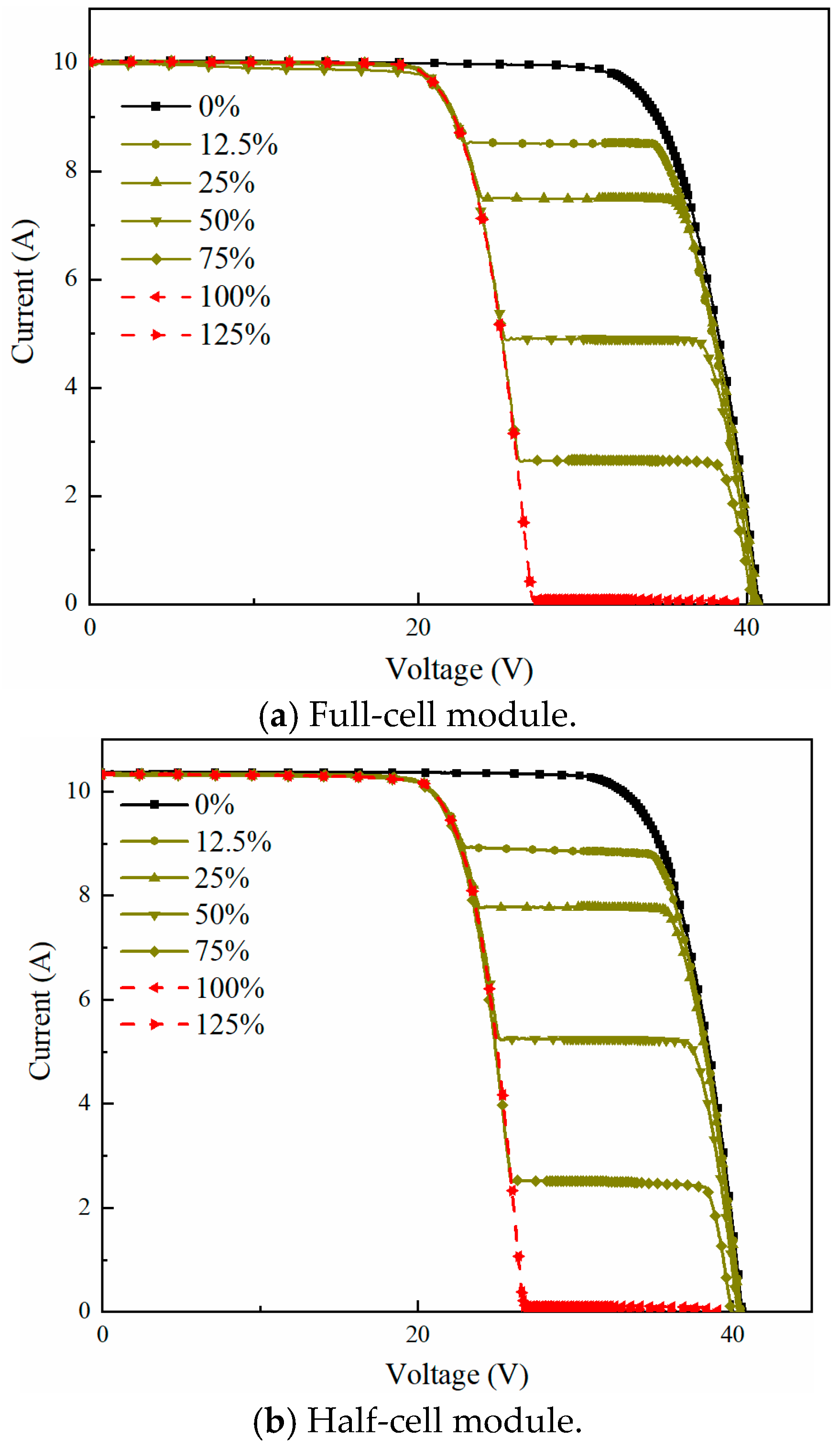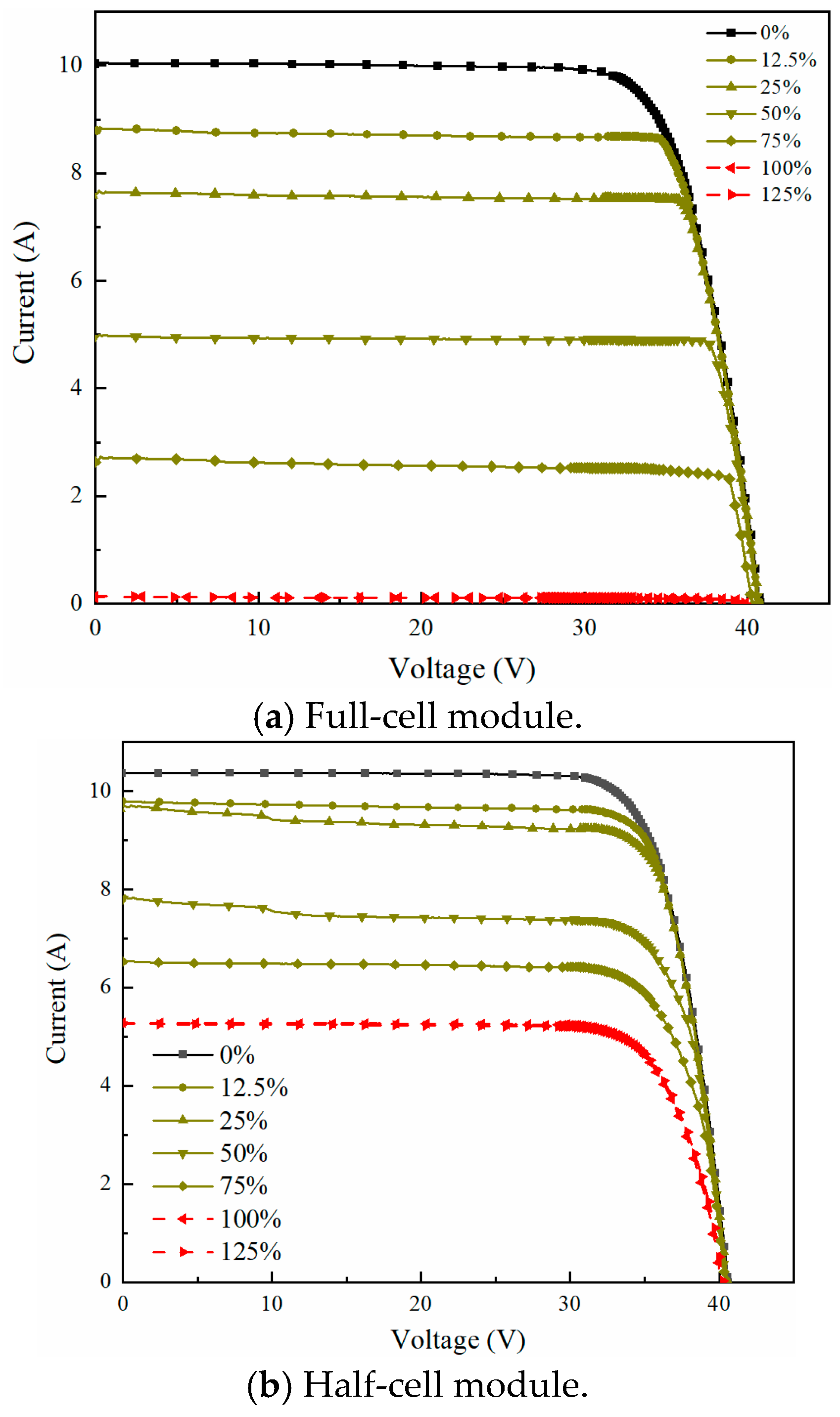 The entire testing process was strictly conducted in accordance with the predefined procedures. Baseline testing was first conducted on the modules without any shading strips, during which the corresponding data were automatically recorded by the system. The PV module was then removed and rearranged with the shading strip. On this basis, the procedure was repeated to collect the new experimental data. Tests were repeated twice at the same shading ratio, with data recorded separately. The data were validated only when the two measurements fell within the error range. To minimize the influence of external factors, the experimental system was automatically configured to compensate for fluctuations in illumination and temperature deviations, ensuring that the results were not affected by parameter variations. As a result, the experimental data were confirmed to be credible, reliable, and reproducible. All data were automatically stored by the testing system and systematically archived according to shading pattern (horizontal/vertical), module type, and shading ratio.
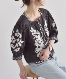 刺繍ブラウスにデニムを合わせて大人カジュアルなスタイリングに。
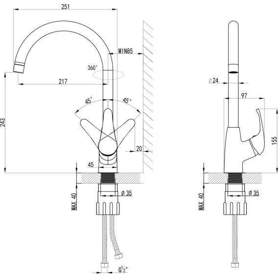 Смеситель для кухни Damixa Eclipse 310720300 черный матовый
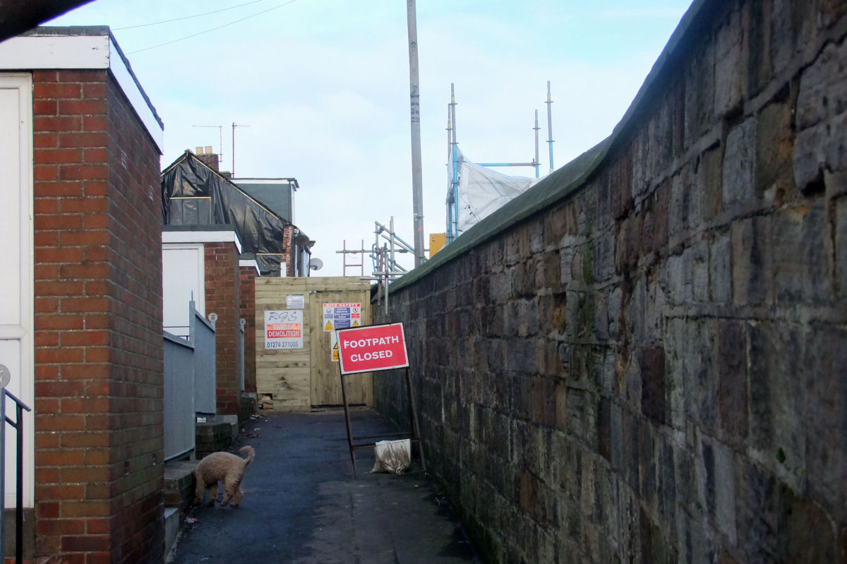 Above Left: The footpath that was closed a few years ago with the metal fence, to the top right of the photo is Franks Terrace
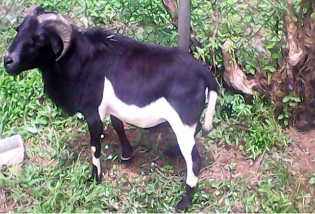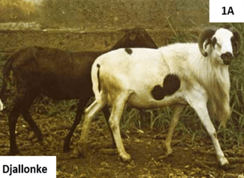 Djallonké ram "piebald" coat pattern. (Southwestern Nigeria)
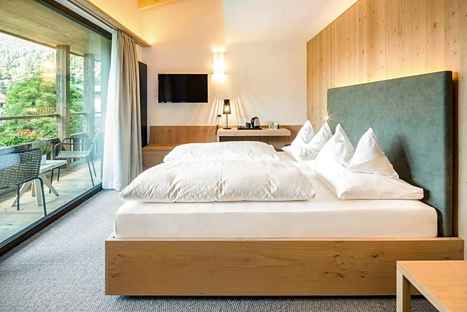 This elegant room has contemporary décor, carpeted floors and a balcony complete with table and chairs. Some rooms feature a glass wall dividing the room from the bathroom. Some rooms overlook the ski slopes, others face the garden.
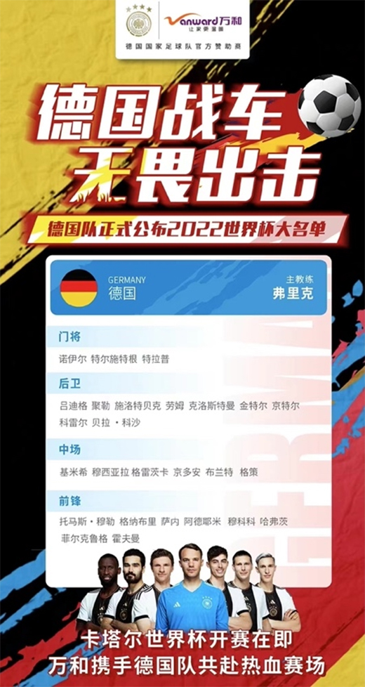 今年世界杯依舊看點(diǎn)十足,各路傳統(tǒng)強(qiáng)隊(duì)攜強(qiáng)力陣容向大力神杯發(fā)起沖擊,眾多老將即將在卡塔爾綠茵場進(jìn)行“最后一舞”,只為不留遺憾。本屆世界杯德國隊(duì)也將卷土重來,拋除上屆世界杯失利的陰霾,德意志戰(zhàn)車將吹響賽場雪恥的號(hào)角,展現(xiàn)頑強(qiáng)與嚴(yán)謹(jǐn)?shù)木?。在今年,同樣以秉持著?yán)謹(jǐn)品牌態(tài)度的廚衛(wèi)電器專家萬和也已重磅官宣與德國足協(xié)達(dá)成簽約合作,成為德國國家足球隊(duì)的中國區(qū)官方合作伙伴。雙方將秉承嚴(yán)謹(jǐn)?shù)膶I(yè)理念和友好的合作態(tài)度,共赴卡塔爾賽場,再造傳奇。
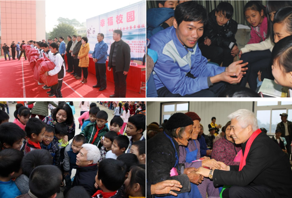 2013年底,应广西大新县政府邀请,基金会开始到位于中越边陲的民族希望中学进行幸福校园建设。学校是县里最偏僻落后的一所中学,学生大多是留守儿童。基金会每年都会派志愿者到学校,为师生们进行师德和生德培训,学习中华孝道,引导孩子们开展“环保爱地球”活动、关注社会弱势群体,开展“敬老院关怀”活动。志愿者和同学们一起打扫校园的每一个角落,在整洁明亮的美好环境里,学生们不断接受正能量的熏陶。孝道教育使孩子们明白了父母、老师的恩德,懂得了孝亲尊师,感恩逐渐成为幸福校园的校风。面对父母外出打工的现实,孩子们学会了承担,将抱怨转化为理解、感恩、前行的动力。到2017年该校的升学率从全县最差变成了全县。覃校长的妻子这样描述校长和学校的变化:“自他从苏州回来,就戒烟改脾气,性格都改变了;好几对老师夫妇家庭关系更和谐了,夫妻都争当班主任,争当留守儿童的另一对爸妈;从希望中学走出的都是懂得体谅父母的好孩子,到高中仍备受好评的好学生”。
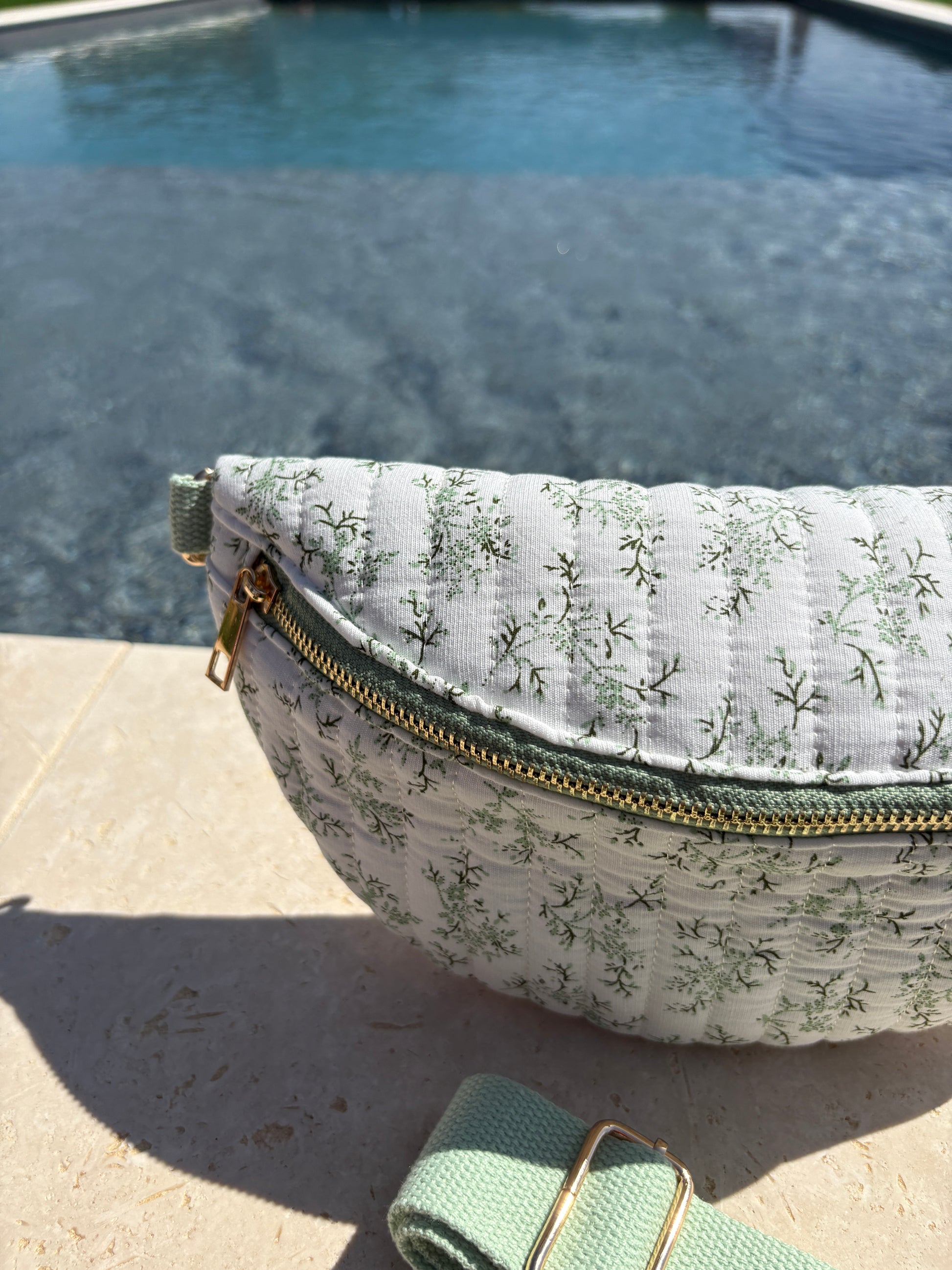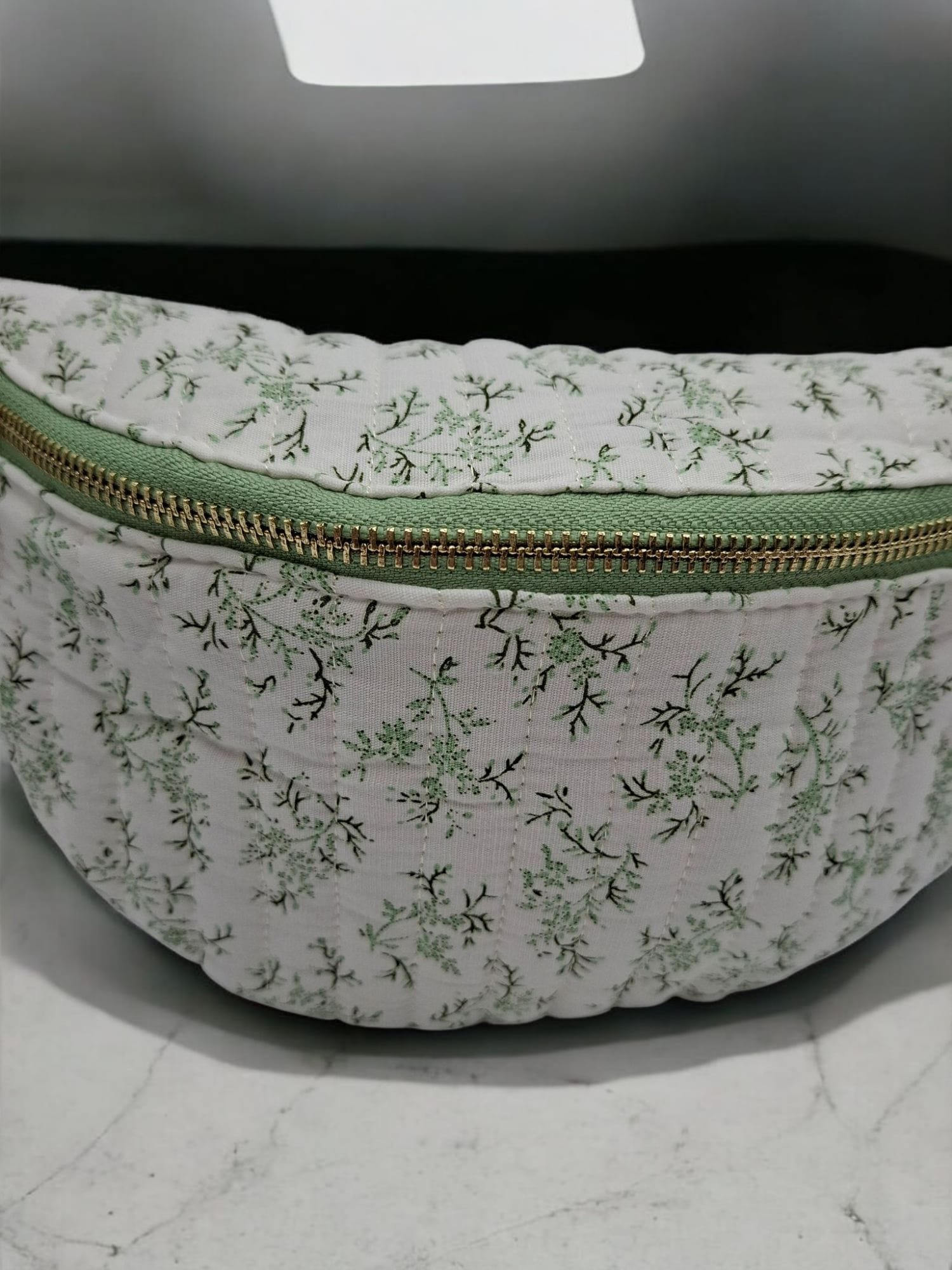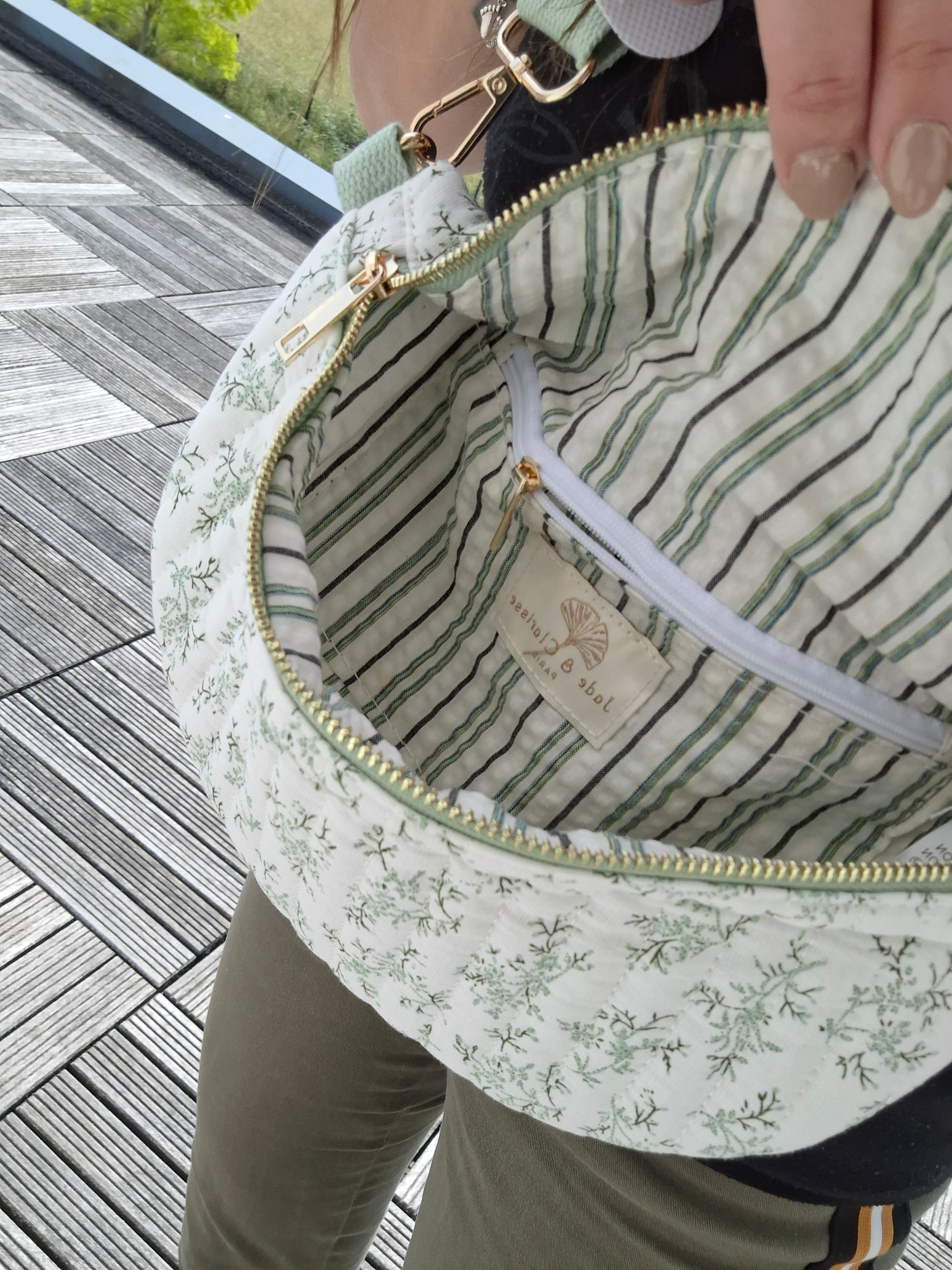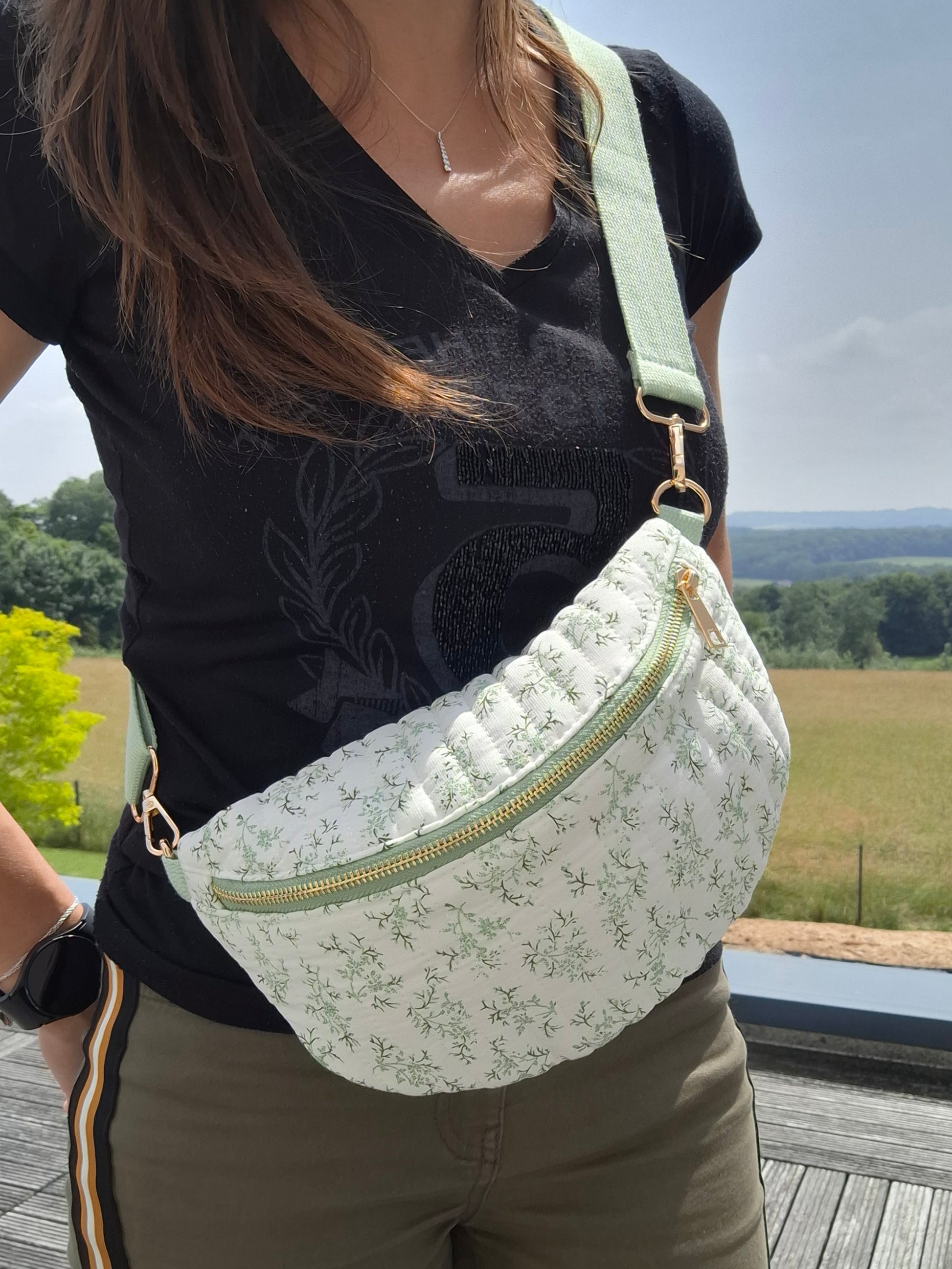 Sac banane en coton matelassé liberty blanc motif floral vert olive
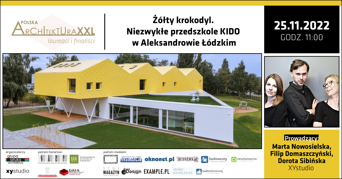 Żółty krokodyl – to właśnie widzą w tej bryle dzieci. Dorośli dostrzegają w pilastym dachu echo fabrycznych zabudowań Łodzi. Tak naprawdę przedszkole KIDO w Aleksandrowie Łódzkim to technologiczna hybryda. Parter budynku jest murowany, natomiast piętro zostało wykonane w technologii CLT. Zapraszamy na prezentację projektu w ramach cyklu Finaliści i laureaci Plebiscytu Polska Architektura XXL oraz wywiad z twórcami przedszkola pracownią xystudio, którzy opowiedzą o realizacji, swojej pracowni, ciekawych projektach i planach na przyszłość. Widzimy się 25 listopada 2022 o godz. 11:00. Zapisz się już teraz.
===============
Task item ::
In the entries above, find the line with "今年世界杯依舊看點(diǎn" and the line with "Sac banane en". Return exactly those lines and all the ones between them, pictures excluded.

Solution to this problem ::
 今年世界杯依舊看點(diǎn)十足,各路傳統(tǒng)強(qiáng)隊(duì)攜強(qiáng)力陣容向大力神杯發(fā)起沖擊,眾多老將即將在卡塔爾綠茵場進(jìn)行“最后一舞”,只為不留遺憾。本屆世界杯德國隊(duì)也將卷土重來,拋除上屆世界杯失利的陰霾,德意志戰(zhàn)車將吹響賽場雪恥的號(hào)角,展現(xiàn)頑強(qiáng)與嚴(yán)謹(jǐn)?shù)木?。在今年,同樣以秉持著?yán)謹(jǐn)品牌態(tài)度的廚衛(wèi)電器專家萬和也已重磅官宣與德國足協(xié)達(dá)成簽約合作,成為德國國家足球隊(duì)的中國區(qū)官方合作伙伴。雙方將秉承嚴(yán)謹(jǐn)?shù)膶I(yè)理念和友好的合作態(tài)度,共赴卡塔爾賽場,再造傳奇。
 2013年底,应广西大新县政府邀请,基金会开始到位于中越边陲的民族希望中学进行幸福校园建设。学校是县里最偏僻落后的一所中学,学生大多是留守儿童。基金会每年都会派志愿者到学校,为师生们进行师德和生德培训,学习中华孝道,引导孩子们开展“环保爱地球”活动、关注社会弱势群体,开展“敬老院关怀”活动。志愿者和同学们一起打扫校园的每一个角落,在整洁明亮的美好环境里,学生们不断接受正能量的熏陶。孝道教育使孩子们明白了父母、老师的恩德,懂得了孝亲尊师,感恩逐渐成为幸福校园的校风。面对父母外出打工的现实,孩子们学会了承担,将抱怨转化为理解、感恩、前行的动力。到2017年该校的升学率从全县最差变成了全县。覃校长的妻子这样描述校长和学校的变化:“自他从苏州回来,就戒烟改脾气,性格都改变了;好几对老师夫妇家庭关系更和谐了,夫妻都争当班主任,争当留守儿童的另一对爸妈;从希望中学走出的都是懂得体谅父母的好孩子,到高中仍备受好评的好学生”。
 Sac banane en coton matelassé liberty blanc motif floral vert olive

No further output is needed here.